**Work required:** Leave out pictures; repeat exactly the lines from the "夏の「弱冷房車」暑い日でも83.3%の人が「必要だ」と回答鉄道トレンド総研。" line through the last of the data below.
━━━ Data supplied
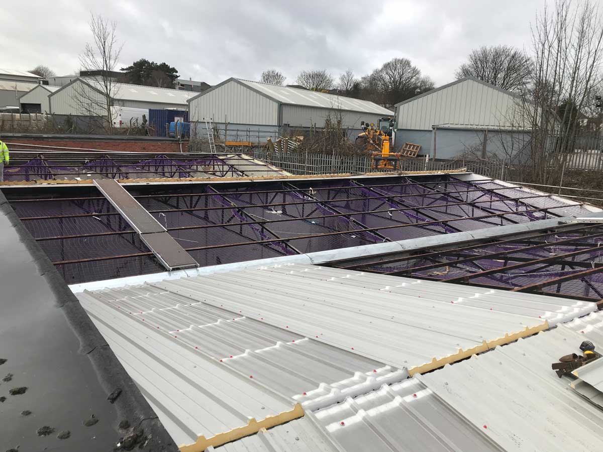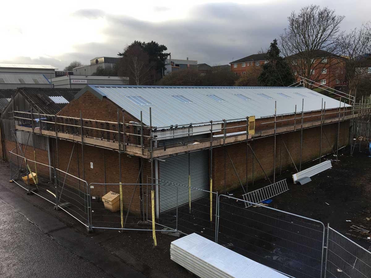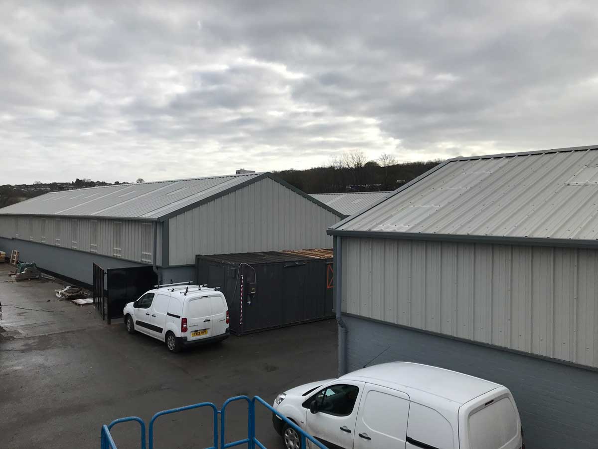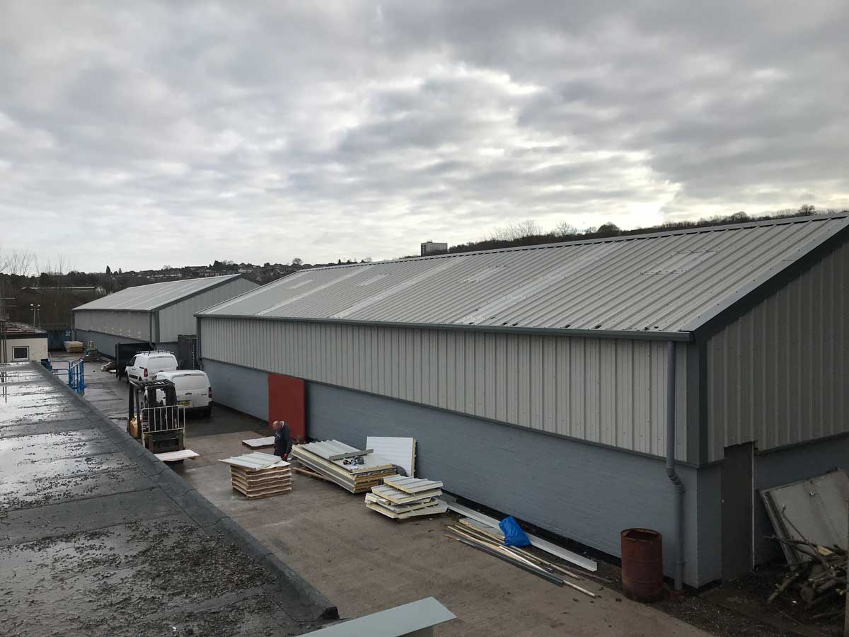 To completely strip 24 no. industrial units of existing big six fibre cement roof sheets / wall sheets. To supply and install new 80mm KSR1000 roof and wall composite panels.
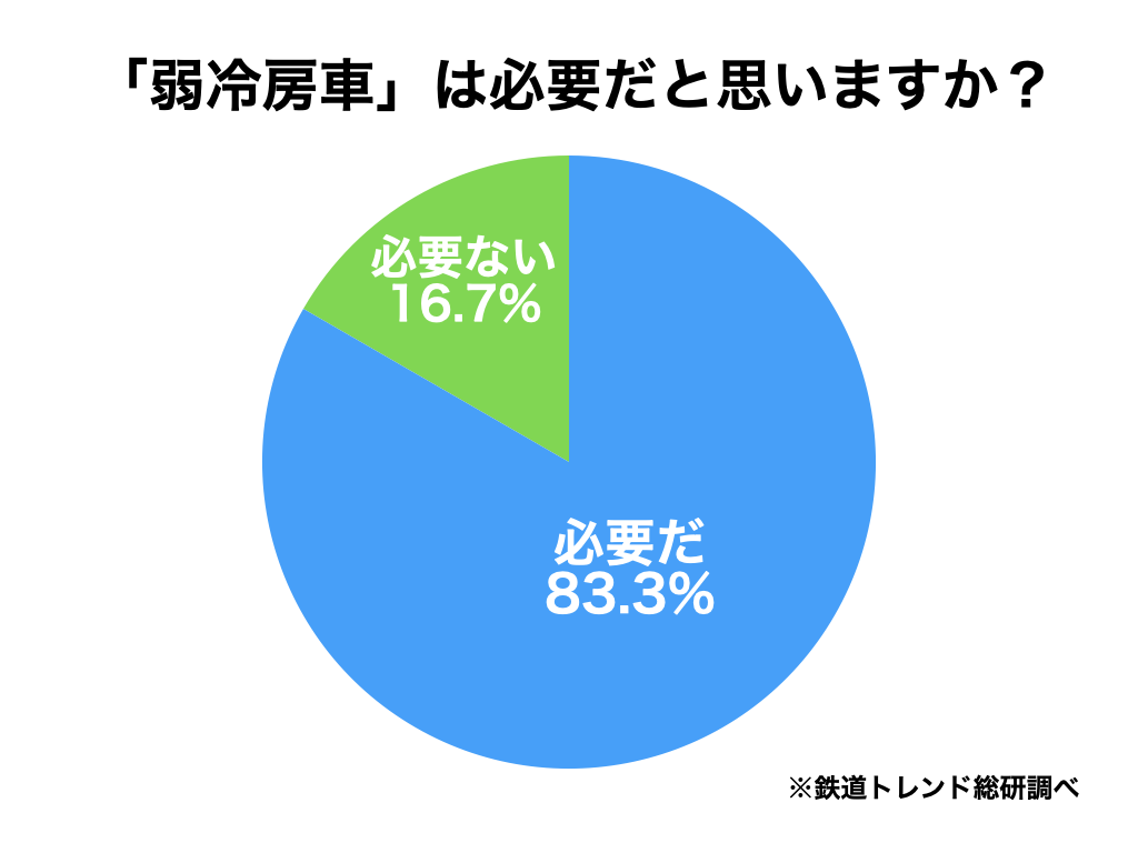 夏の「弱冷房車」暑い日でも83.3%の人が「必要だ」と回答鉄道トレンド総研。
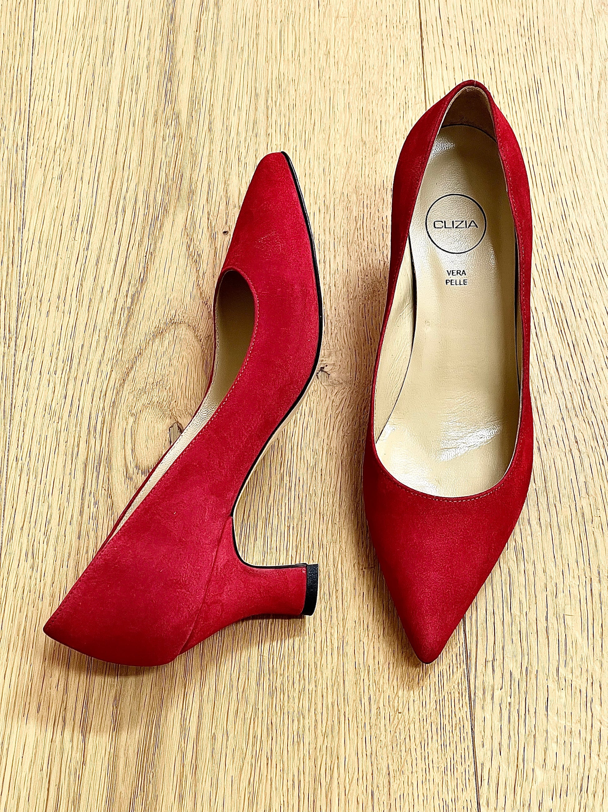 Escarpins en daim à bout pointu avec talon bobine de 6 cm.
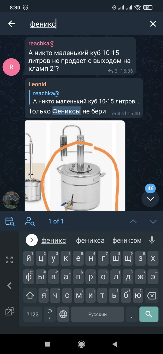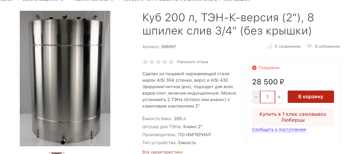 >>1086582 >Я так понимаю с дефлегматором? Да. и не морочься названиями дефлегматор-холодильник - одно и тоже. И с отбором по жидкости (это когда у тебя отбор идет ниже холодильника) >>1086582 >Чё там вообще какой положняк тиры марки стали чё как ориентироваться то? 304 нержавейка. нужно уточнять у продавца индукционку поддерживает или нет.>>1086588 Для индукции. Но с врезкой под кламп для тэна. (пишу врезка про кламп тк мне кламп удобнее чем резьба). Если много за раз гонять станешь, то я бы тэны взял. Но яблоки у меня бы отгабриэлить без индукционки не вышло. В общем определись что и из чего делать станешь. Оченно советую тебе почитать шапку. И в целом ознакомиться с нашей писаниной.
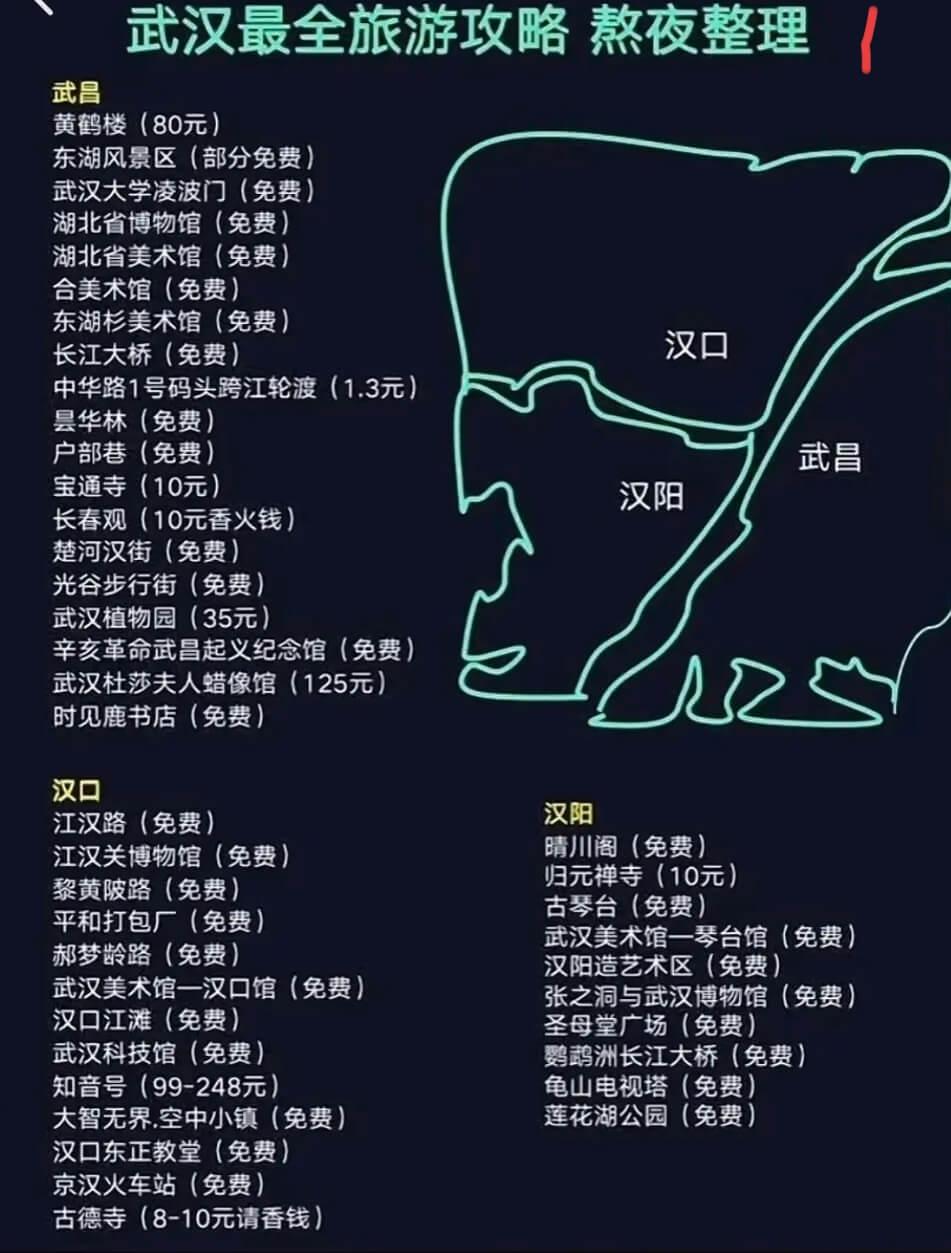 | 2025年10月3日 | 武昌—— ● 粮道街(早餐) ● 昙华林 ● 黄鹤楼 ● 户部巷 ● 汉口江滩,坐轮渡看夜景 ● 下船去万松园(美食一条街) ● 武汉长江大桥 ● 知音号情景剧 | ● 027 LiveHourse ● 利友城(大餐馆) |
━━━━━━
**Result of the task:**
 夏の「弱冷房車」暑い日でも83.3%の人が「必要だ」と回答鉄道トレンド総研。
 Escarpins en daim à bout pointu avec talon bobine de 6 cm.
 >>1086582 >Я так понимаю с дефлегматором? Да. и не морочься названиями дефлегматор-холодильник - одно и тоже. И с отбором по жидкости (это когда у тебя отбор идет ниже холодильника) >>1086582 >Чё там вообще какой положняк тиры марки стали чё как ориентироваться то? 304 нержавейка. нужно уточнять у продавца индукционку поддерживает или нет.>>1086588 Для индукции. Но с врезкой под кламп для тэна. (пишу врезка про кламп тк мне кламп удобнее чем резьба). Если много за раз гонять станешь, то я бы тэны взял. Но яблоки у меня бы отгабриэлить без индукционки не вышло. В общем определись что и из чего делать станешь. Оченно советую тебе почитать шапку. И в целом ознакомиться с нашей писаниной.
 | 2025年10月3日 | 武昌—— ● 粮道街(早餐) ● 昙华林 ● 黄鹤楼 ● 户部巷 ● 汉口江滩,坐轮渡看夜景 ● 下船去万松园(美食一条街) ● 武汉长江大桥 ● 知音号情景剧 | ● 027 LiveHourse ● 利友城(大餐馆) |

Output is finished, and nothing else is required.